- _WORK TO COMPLETE_
From the data below, copy exactly the lines that lie between the one holding "Vintage, ónémet asztal, krétafestékkel" and the one holding "- 【Intelligent Charging-Durable", including both, and nothing more.

- _INPUT FOR THIS TASK_
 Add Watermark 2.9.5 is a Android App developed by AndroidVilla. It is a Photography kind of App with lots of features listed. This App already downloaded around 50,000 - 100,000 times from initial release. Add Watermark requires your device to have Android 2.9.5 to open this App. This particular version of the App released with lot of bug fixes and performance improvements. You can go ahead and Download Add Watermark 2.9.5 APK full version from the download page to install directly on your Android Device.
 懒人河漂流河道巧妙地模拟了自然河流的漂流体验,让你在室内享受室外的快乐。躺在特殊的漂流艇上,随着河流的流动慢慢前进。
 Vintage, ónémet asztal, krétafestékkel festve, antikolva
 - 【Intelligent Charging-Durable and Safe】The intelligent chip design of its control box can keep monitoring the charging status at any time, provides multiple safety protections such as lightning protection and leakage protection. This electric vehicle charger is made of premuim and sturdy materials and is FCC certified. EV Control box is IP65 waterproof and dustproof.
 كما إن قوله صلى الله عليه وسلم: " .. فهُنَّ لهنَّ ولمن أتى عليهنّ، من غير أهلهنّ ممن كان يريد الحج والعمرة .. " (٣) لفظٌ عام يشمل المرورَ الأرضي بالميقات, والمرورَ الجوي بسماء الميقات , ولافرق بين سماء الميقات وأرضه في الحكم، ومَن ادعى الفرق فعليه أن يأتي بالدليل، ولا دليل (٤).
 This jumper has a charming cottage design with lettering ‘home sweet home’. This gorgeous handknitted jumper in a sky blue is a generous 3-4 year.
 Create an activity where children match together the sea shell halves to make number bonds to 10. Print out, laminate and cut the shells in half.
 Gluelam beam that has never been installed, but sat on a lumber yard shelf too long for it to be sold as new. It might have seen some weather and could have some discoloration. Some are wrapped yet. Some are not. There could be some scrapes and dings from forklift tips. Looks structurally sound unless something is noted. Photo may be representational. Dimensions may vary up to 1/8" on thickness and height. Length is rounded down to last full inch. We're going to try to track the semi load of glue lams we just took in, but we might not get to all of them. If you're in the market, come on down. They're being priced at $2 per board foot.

- _RESULT BELOW_
 Vintage, ónémet asztal, krétafestékkel festve, antikolva
 - 【Intelligent Charging-Durable and Safe】The intelligent chip design of its control box can keep monitoring the charging status at any time, provides multiple safety protections such as lightning protection and leakage protection. This electric vehicle charger is made of premuim and sturdy materials and is FCC certified. EV Control box is IP65 waterproof and dustproof.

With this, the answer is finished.